A 30-megawatt (MW) hydrogen power project in Otog Banner, Inner Mongolia developed by the established generation utility Shenzhen Energy is likely to be the first to actually come on stream. Both the electrolytic hydrogen facility and the 505 MW of wind and solar farms to power it are well into construction, and the owner announced the start of work on the hydrogen power plant itself with target completion by year-end.
Green hydrogen in China typically costs around $0.2 to $0.25 (RMB1.4 to RMB1.8) per cubic metre, mainly due to the electricity needed for electrolysis, whereas coal-based hydrogen costs only about $0.084 to $0.11 (RMB 0.6 to RMB 0.8) per cubic metre. Whilst this substitution does not yet offer direct cost savings, the environmental benefits are considerable.
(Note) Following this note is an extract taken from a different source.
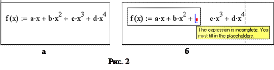 При нажатии на любую из кнопок этих окон изображенный на ней символ появляется в той части экрана, где в данный момент расположен курсор (красный крестик или синий уголок). Курсор можно перемещать по экрану с клавиатуры клавишами , , ® , ¯ или с помощью мыши, щелкнув ею в нужном месте экрана. С красного крестика начинается новое выражение, синий уголок находится всегда внутри какого-либо выражения. Если вы начали писать какую-то формулу и случайно вышли из нее, не закончив, вернитесь обратно, пока не появится синий уголок, в противном случае вы начнете новую формулу, не связанную с предыдущей. Убедиться в этом можно, отодвинув за черную рамочку только что набранную часть формулы. На рис. 2 показано неправильное написание функции f(x). На первый взгляд кажется, что все нормально (см. рис. 2, а). На самом деле, часть этой формулы набрана как самостоятельное выражение, не связанное с предыдущим (см. рис. 2, б).

The main hurdle in the adoption is the high costs on both the supply and demand sides. Even as the renewable levelised cost of electricity (LCOE) falls and brings down hydrogen costs, electrolysis remains far more expensive than grey hydrogen because electricity dominates green hydrogen’s cost structure; low power prices are hard to secure and are mostly achievable only in a few resource-rich Northern regions.
On the demand side, hydrogen and its derivatives (ammonia, methanol, olefins) are priced under a single benchmark without valuing lower carbon from green pathways, so green and grey compete on the same terms; this weak offtake signal undermines project economics and discourages the infrastructure commitments needed for large-scale integration.
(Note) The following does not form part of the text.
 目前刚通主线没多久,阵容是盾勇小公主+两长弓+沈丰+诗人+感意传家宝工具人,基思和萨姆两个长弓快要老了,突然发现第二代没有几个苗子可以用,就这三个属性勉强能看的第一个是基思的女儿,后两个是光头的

Judging by current trends, China will likely add hundreds of thousands of tonnes of green hydrogen production capacity over the next five years, with primary end-uses consisting of conversion into chemicals such as ammonia, methanol, and olefins, as well as vehicle fuel and possibly steel and other metal production. Industry and the research establishment will focus on overcoming key technological barriers in green hydrogen production, storage, and use.
Nigel Rambhujun
Analyst, Hydrogen Research
Rystad Energy
With half of China's power generation coming from coal, ammonia co-firing is an attractive way to decarbonise the power sector in the short term instead of mothballing coal power plants.
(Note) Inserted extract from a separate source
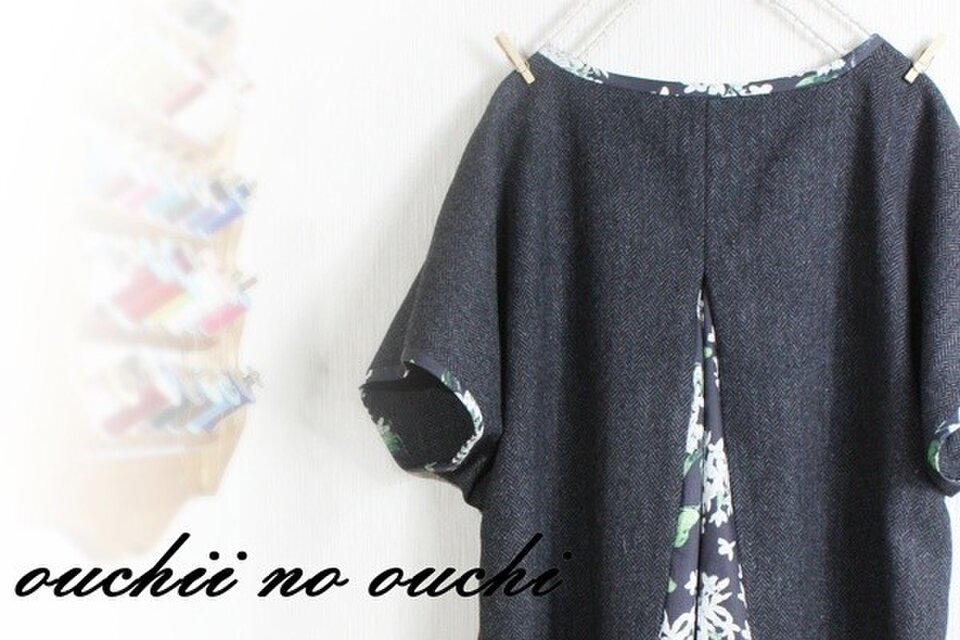 質ウール100ヘリンボーンチャコールとリバティ大人気柄Archive Lilac でドルマンプルオーバーブラウスをおつくりしました。
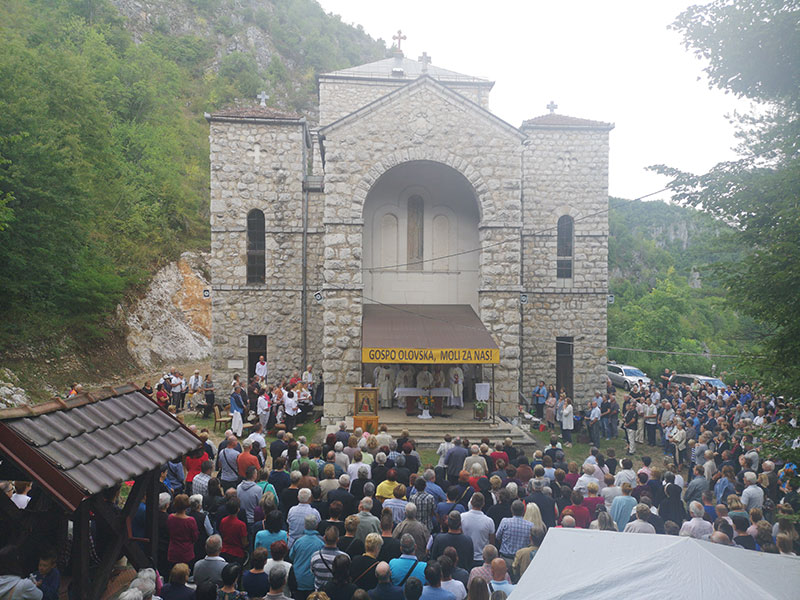 Svečano euharistijsko slavlje u 11 sati predvodio je dekan Franjevačke teologije u Sarajevu fra Danimir Pezer u koncelebraciji s čuvarem svetišta Gospe Olovske fra Ilijom Božićem te još nekoliko svećenika. U svojoj je homiliji fra Danimir istaknuo kako je Bog na poseban način prisutan na ovom mjestu gdje se njegovo ime već stoljećima zaziva. Prisutne hodočasnike je potaknuo da po primjeru Blažene Djevice Marije traže i susreću Boga u svakodnevnom životu. Objasnio je kako Crkva svaki dan moli Marijin hvalospjev u kojemu ona očituje svoju vjeru hvaleći Gospodina i stavljajući u te riječi dobro koje joj je Bog učinio. Te riječi Marijina hvalospjeva su istinite za sva vremena i sve ljude.

However, using green hydrogen or ammonia to decarbonise the power sector will be an expensive option.
The cost of low-carbon ammonia co-firing will depend heavily on the cost of green/blue hydrogen used as a feedstock. Assuming a hydrogen price of $5 per kilogram, equivalent to an ammonia price of $1,000 per tonne, Rystad Energy estimates that the LCOE of a 10% ammonia blend will be around 50% higher than the LCOE from coal generation alone.
Most of the costs associated with green hydrogen come from the electrolyser stacks' capital expenditure, which has been going down in China due to strong domestic competition amongst original equipment manufacturers. Potential savings from green hydrogen adoption will depend on domestic and international policies, such as the Carbon Border Adjustment Mechanism in Europe, where companies with higher emissions will face added costs.
Companies like Xinjiang Goldwind Science & Technology Co. Ltd. and Envision Energy Co. Ltd. are leading the way in developing export-scale green hydrogen projects due to their vertical integration of renewable energy infrastructure. General hurdles in the industry will be retrofitting power plants to run on hydrogen/ammonia. So far, no large-scale trial for ammonia cofiring has been completed in China, whilst Japan has already completed a successful trial at a co-firing rate of 20% ammonia.
Transporting the hydrogen or ammonia from the production plants (mainly Inner Mongolia) to the power plants will be an infrastructure challenge. China is currently building hundreds of kilometres of hydrogen-specific pipelines to transport hydrogen to demand centres.
China plans to introduce 10% co-firing of biomass and green ammonia at coal-fired power plants to halve emissions compared with 2023 levels, but it will take time to retrofit or accommodate the new co-firing technology.